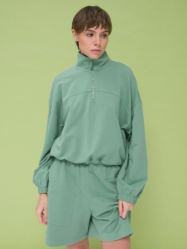Укороченная женская толстовка кроп-топ из футера. Теплая, мягкая, приятная на ощупь ткань с 96% хлопка в составе – почти не мнется, сохраняет форму даже после частых стирок. Комфортный воротник-стойка выполнен из основной ткани. Тракторная молния у горловины максимально прочная, не заедает. Низ рукава собран на резинку и обработан основной тканью. Фишка модели в меняющемся силуэте – кулиску на талии можно зафиксировать по боковым швам стопперами. Толстовка великолепно комбинируется с джоггерами или шортами. Подходит на каждый день, незаменима для активного отдыха, спорта и путешествий.
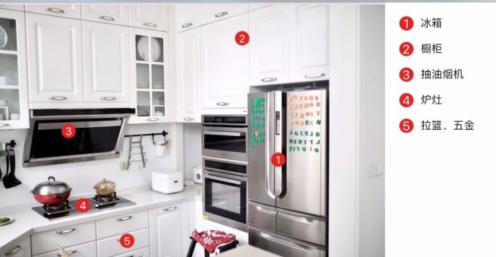 比如抽油烟机、炉灶,都跟橱柜台面的开槽相关,所以这些东西,在定橱柜的时候,就应该一起考虑。
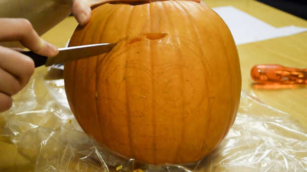 En este diseño debe ser particularmente cuidadoso corte alrededor de los ojos y las cejas ya que sólo están separados por delgados trozos de calabaza.
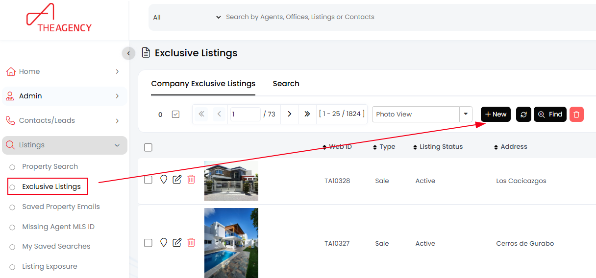- Navigate to Listings and then select Exclusive Listings
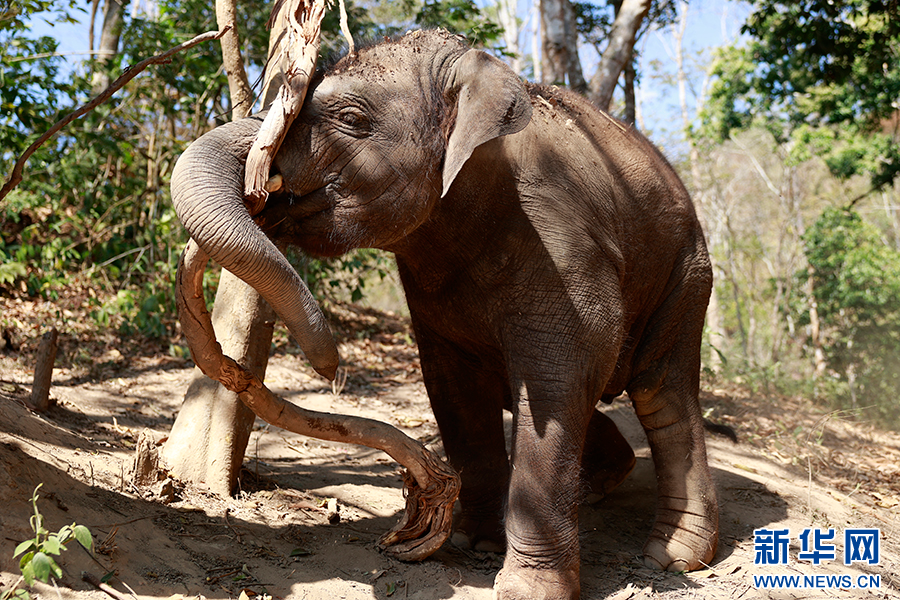 亚洲象“龙龙”在和藤蔓“较劲”(3月1日摄)。新华网 徐华陵 摄
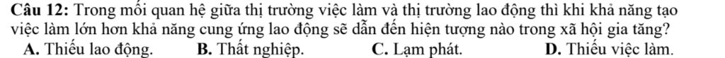 Câu 12: Trong mối quan hệ giữa thị trường việc làm và thị trường lao động thì khi khả năng tạo việc làm lớn hơn khả năng cung ứng lao động sẽ dẫn đến hiện tượng nào trong xã hội gia tăng?

What the task asks: Only the lines from the line with "比如抽油烟机、炉灶,都跟橱柜" through the final line of the material belong in the answer, copied exactly and without pictures.

Response for this exercise:
 比如抽油烟机、炉灶,都跟橱柜台面的开槽相关,所以这些东西,在定橱柜的时候,就应该一起考虑。
 En este diseño debe ser particularmente cuidadoso corte alrededor de los ojos y las cejas ya que sólo están separados por delgados trozos de calabaza.
- Navigate to Listings and then select Exclusive Listings
 亚洲象“龙龙”在和藤蔓“较劲”(3月1日摄)。新华网 徐华陵 摄
 Câu 12: Trong mối quan hệ giữa thị trường việc làm và thị trường lao động thì khi khả năng tạo việc làm lớn hơn khả năng cung ứng lao động sẽ dẫn đến hiện tượng nào trong xã hội gia tăng?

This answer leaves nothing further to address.